Myers joined an undergraduate research experience though Kent State University and worked over the summer studying circular polarization under a microscope. She was interested in observing how ultraviolet light shines through liquid crystals that have been treated with luminescent dyes. She used this process to create light which shone in orderly, spiral patterns. The objective was to achieve the highest intensity of light emitted through the liquid crystal formation as possible. Marceline was able to achieve a G-lum score of 0.1, an increase from the previous most powerful recording of 0.001. This technology can be used to create sensors that are reactive to light and heat, and the liquid crystal structures can be used to create digital displays like thermometers and digital clockfaces.

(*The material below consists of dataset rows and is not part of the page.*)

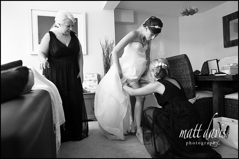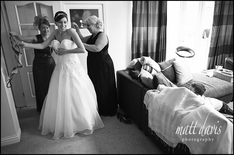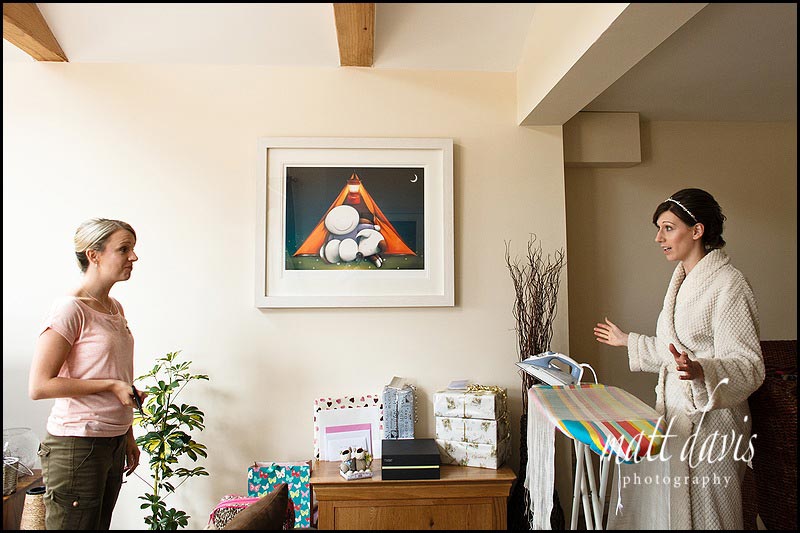 The look of concentration as adjustments ‘DIY style’ (on the morning of the wedding) are made to the bridesmaid dresses.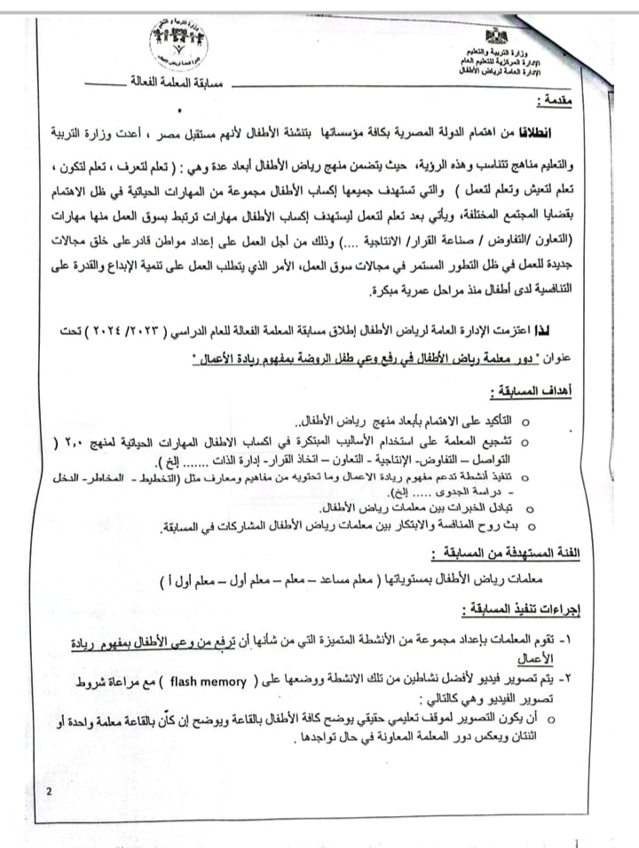 التعليم تعلن تفاصيل مسابقة المعلمة الفعالة لرياض الأطفال 2024 | مستندات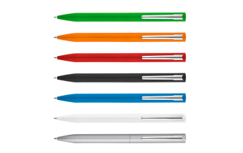 Bolígrafo fabricado en aluminio con mecanismo de giro, clip metálico con acabado cromado brillante. El cuerpo está lacado en acabado brillante. Tinta azul. Carga metálica con Tinta Dokumental® azul. Se suministra en estuche de regalo (desmontado).
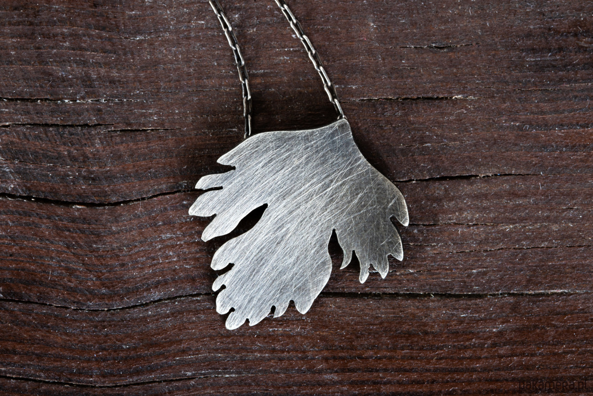 Delikatny naszyjnik z zawieszką w kształcie liścia pietruszki na łańcuszku.
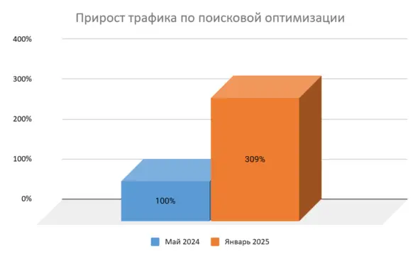 За 9 месяцев (май 2024 — январь 2025) поисковый трафик без брендовых запросов вырос более чем в 3 раза.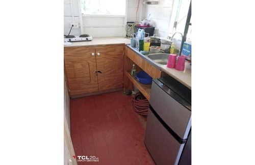 Shared chattel house with hot shower, toilet, sink, kitchenette, and covered deck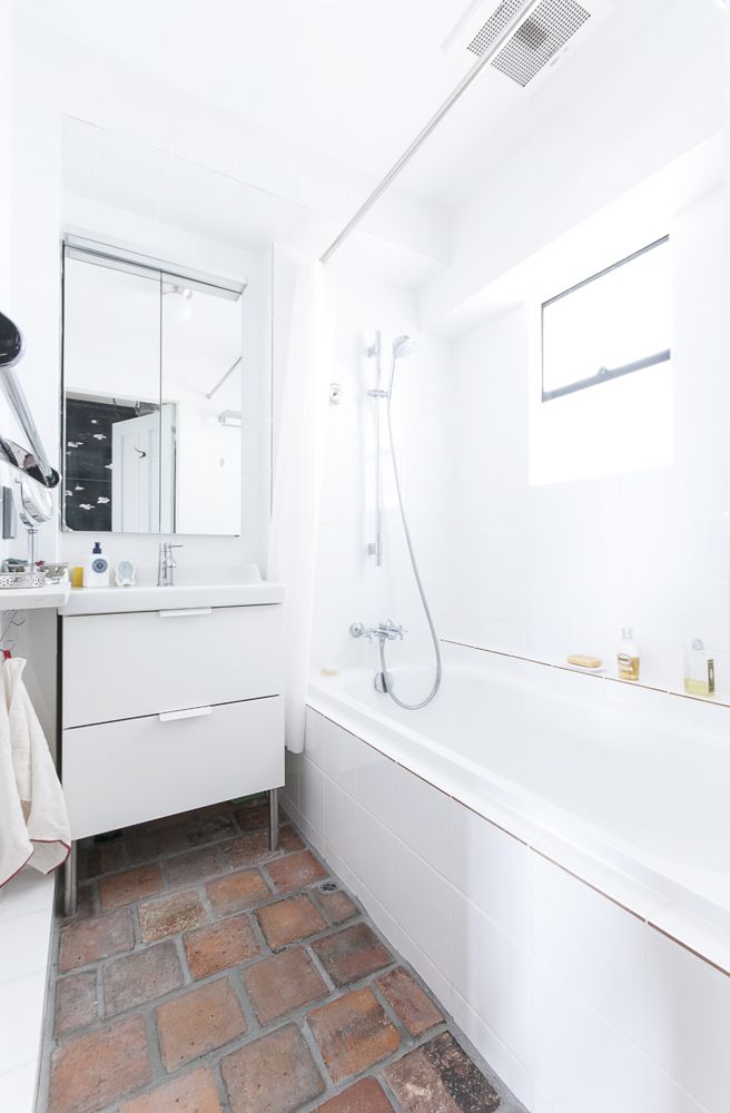 I様が一番頭を悩ませたと話すのがバスルーム。I様のお宅のバスルームは海外でおなじみの、バスタブと洗面がまとまっている空間です。真っ白なタイル張りの無垢さと床のレンガの渋さが共存しており、新しいのにまるで昔から使われてきたお部屋のようなノスタルジックな趣があります。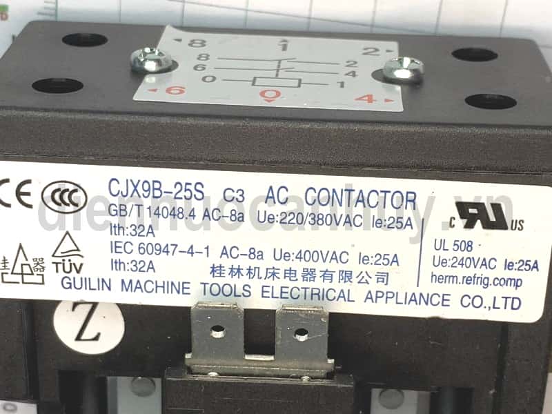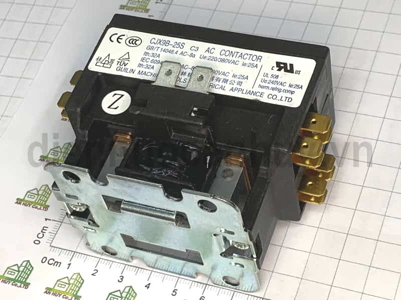 Khởi động từ (Contactor) 1 pha 32A mã CJX9B-25S - Loại 2 dây - Chân gài cho máy nén điều hòa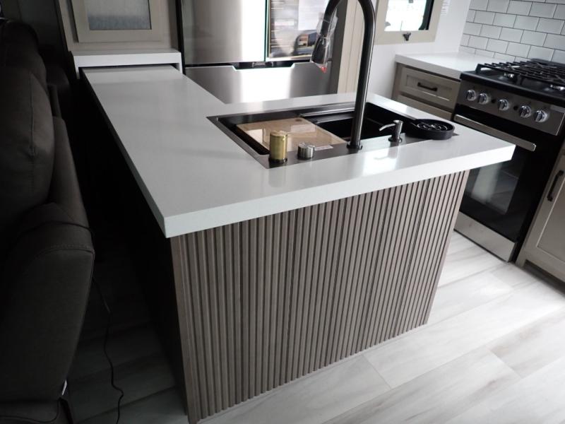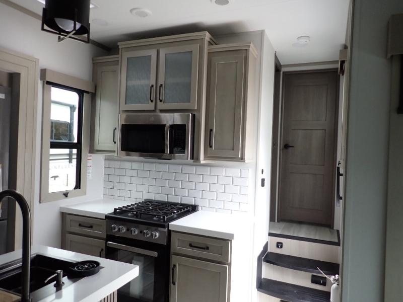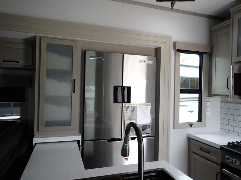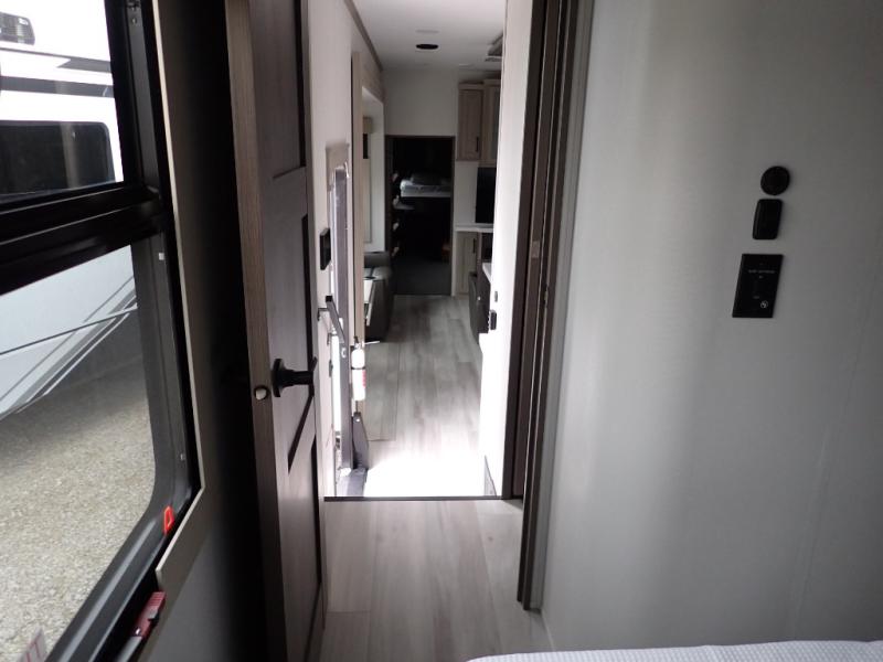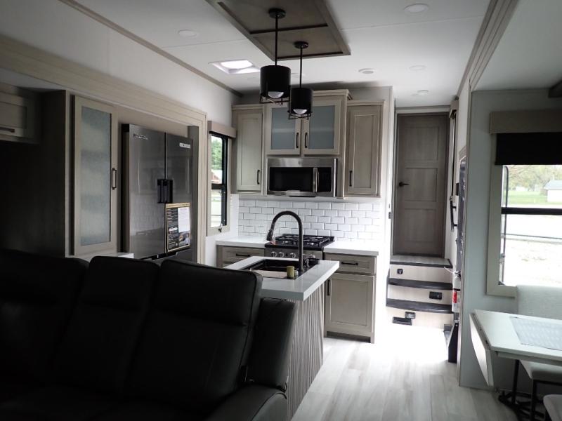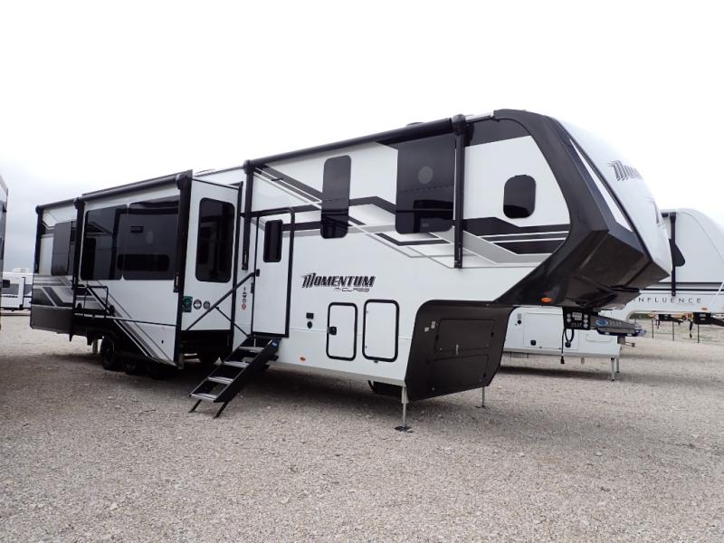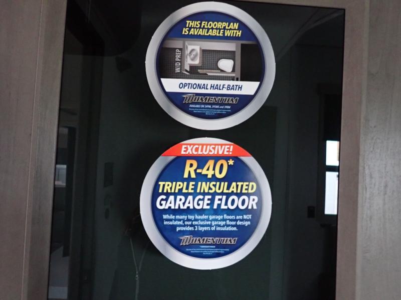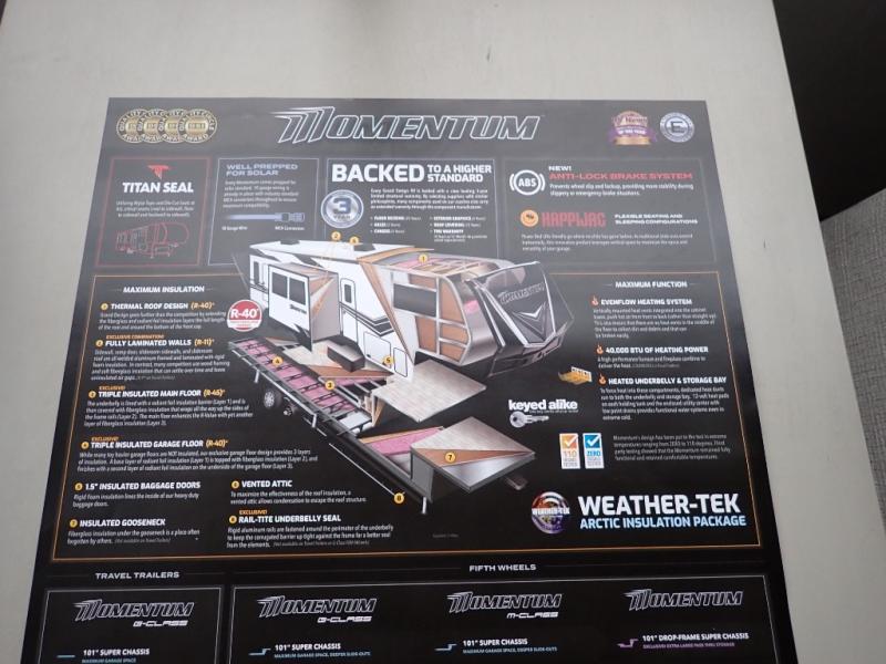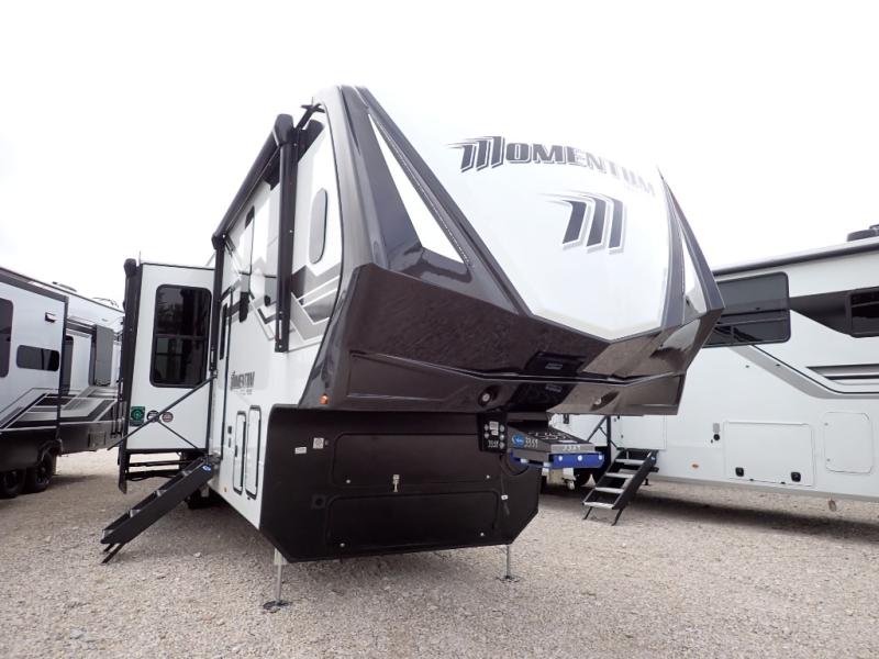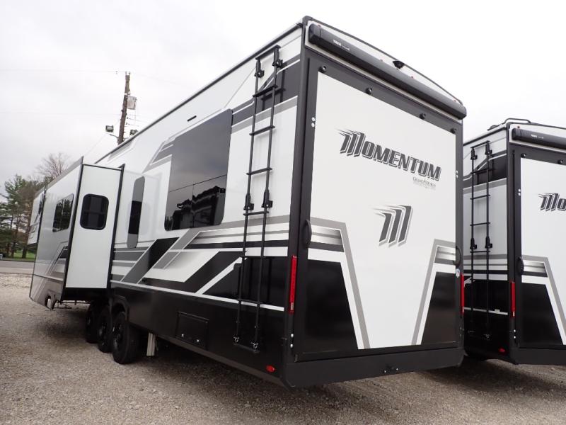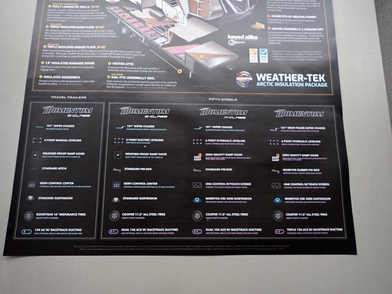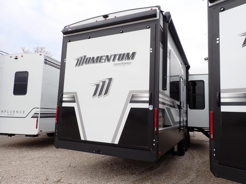 With any Momentum M-Class toy hauler by Grand Design, you will enjoy luxury at every turn! They have been constructed to a superior standard with a thermal roof design, triple insulated main floor and garage floor, and a Rail-Tite underbelly seal that will allow you to camp in all elements. Each model also features an 8' 5" wide body chassis with a wide rail design, no wheel wheels, and a dovetail entry for easier loading. The Stealth A/C system provides maximum cooling power, and the CRE3000 suspension system means you can enjoy a smooth tow each time. You will love the luxurious interior with a professional grade stainless steel cooktop, interior color changing LED accent lighting, a fiberglass shower with a glass door, and solid surface countertops.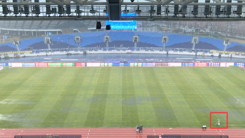 現(xiàn)場雨勢非常大,青島西海岸大學(xué)城體育場工作人員在場邊畫線,剛畫完的線又被雨沖模糊了。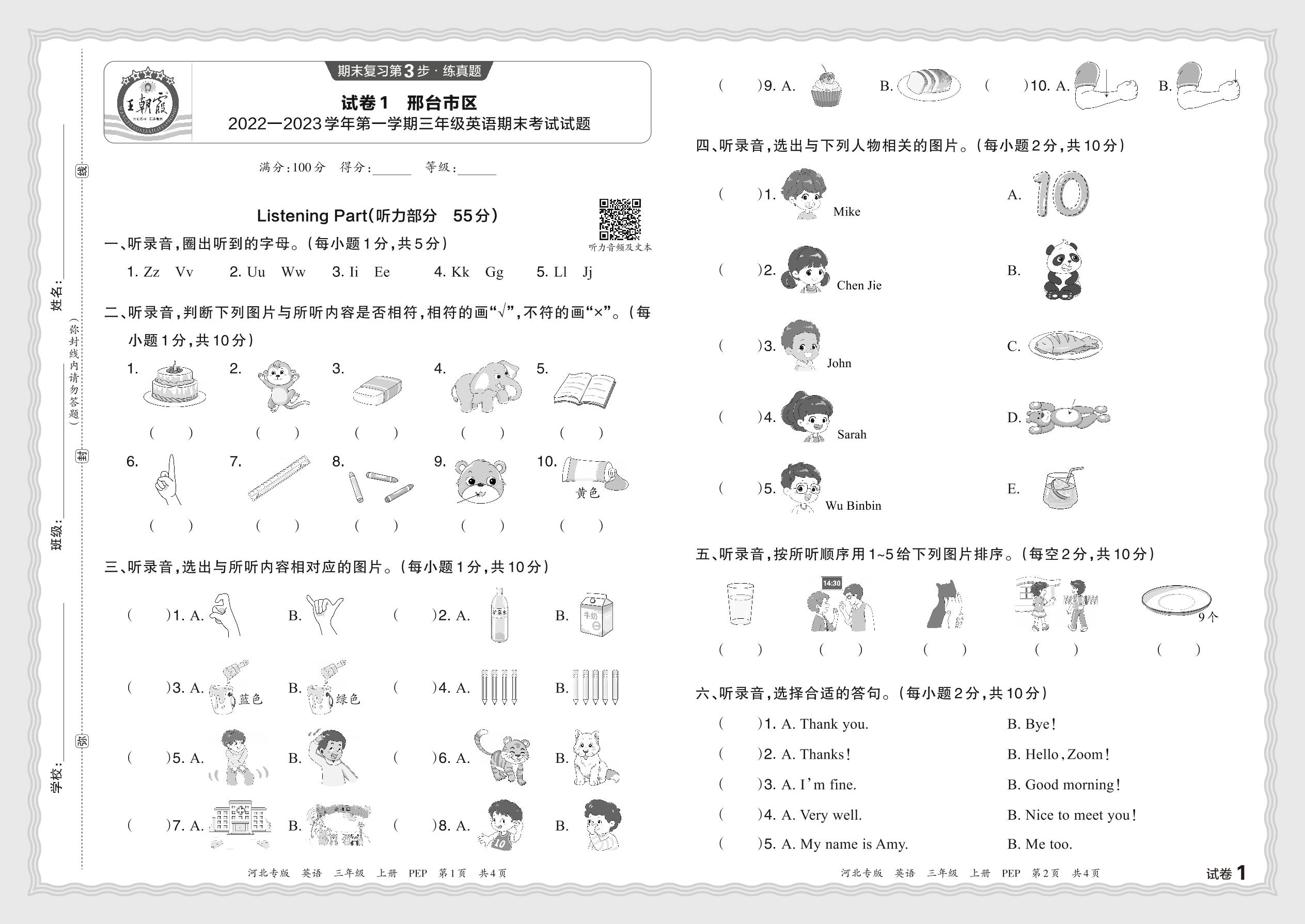 河北省邢台市区2022—2023学年第一学期三年级英语期末试题(PEP版)【1】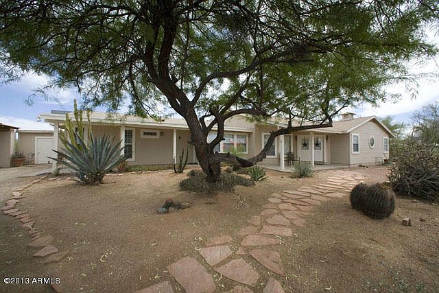 Charming Custom Home on Huge Parcel of land suitable for horses. Large open floor plan, Double Entry Doors, Vaulted Ceilings, Living Room open to Dining Room with Bay Window. Kitchen open to Family Room and Breakfast Room. Additional Features include Fireplace, Plantation Shutters, Large Covered Patio. Picturesque natural desert views seen from the large windows throughout the home. Floor plan designed with 2.5 baths, 3 bedrooms. Lots of storeage, all bedrooms with walkin closets. Natural Desert Landscape with Saguaro, Palo Verde, Mesquite,and Ironwood Trees. Owner/Agent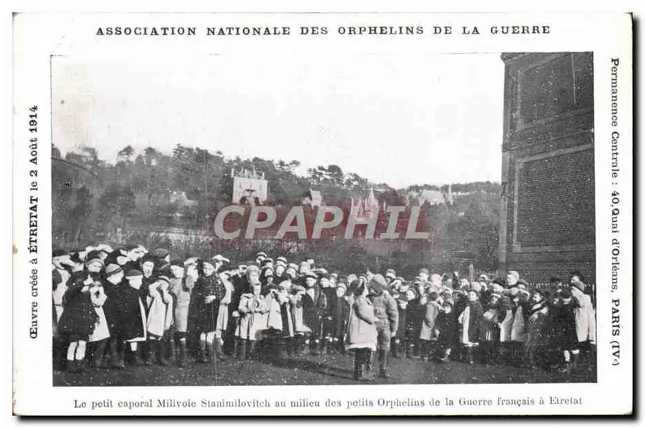 Cartes postales Enfants Orphelinat Orphelins de guerre Le petit caporal Millivoie Stanimilovitch au milieu des p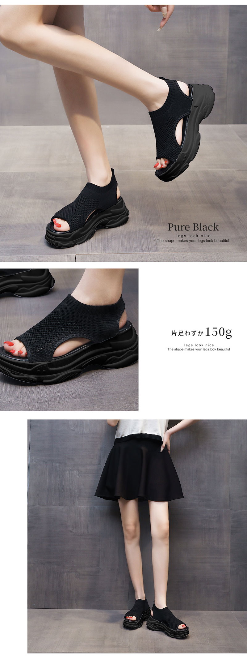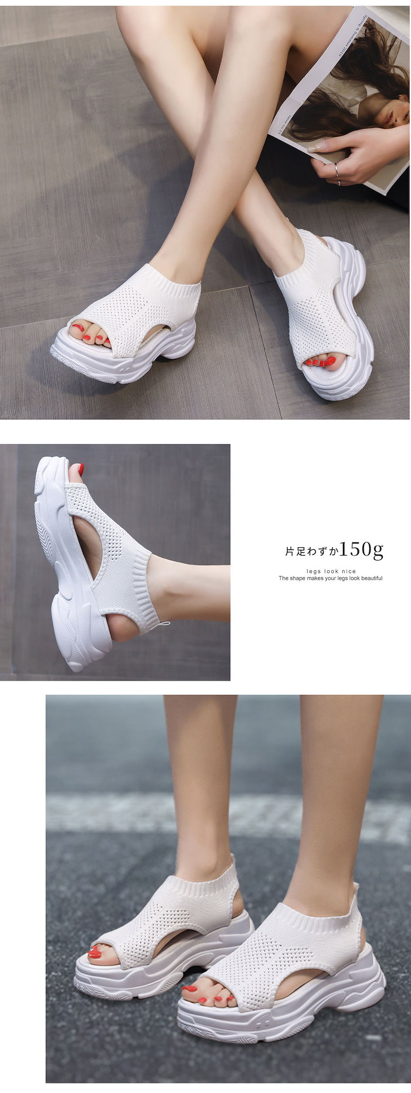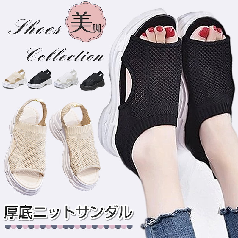 新作追加 厚底 美脚 ニットサンダル最旬トレンドスタイル スニーカー シューズ 靴 厚底 靴 疲れない サンダル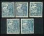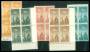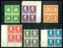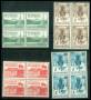 1933-34. 20 øre - 5 kr. i 4-blokke, hængslet på 2 mærker i hver blok. AFA 4818,-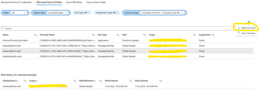When you click on an object/role record, you can check for how long that role has been granted. This information depends on the History Range filter you chose and, of course, on the data retention settings you defined for the Log Analytics workspace. For many views in this workbook, you can also export the results as an Excel file.

Research has been a rewarding experience for Marceline. After her research experience, she presented her findings at NOURS after being nominated by her peers. Marceline gained experience working in her field and made connections with faculty: “Research has brought me very close to advisers and other inspirational physicists in the field. It has connected me to amazing colleagues, it has built my confidence up.” She described the field of physics as, “an ocean of opportunity,” and research to have been a crucial experience for deciding her future career.
"Just do everything unafraid, and if you are afraid, just do it afraid." ~Marceline Myers
Although Marceline takes pride in her STEM career, she has experienced conflict as a female researcher. She reflects that on working with male colleagues, “you can see that there is a disconnect, though I will say Kent State is incredibly nurturing and encourages women to stick together and support one another. Many physicists and engineers on the staff are women, which is nice to see.” Marceline offered a suggestion to improve the environment for female researchers: “Getting more women into STEM is what is needed to help the current situation.”
Marceline also commented on how STEM subjects are approached in the educational system for young women: “Young children, whether it be boys or girls, are fascinated with everything around them. They ask all the hard-hitting questions, but once children get to middle and high school, interest in STEM seems to drop off and tends to become more male dominated.” Marceline remarked that that interest waned at middle school age. She theorized that the culture of middle and high school environments disincentivizes women from maintaining interest in STEM topics, adding: “I think the misogyny of everyday life seeps in. Women are taught to stay within the lines, pushed to fit into a box, but science is meant to be loud. It's meant to be pushy.”
Marceline had some parting advice for women trying to make their way into STEM. “Dive headfirst into it. Do not be afraid and do not be reserved. If you are taking a class and the teacher says, ‘can I have a volunteer?’ Just put your hand up every single time. Just do everything unafraid, and if you are afraid, just do it afraid.”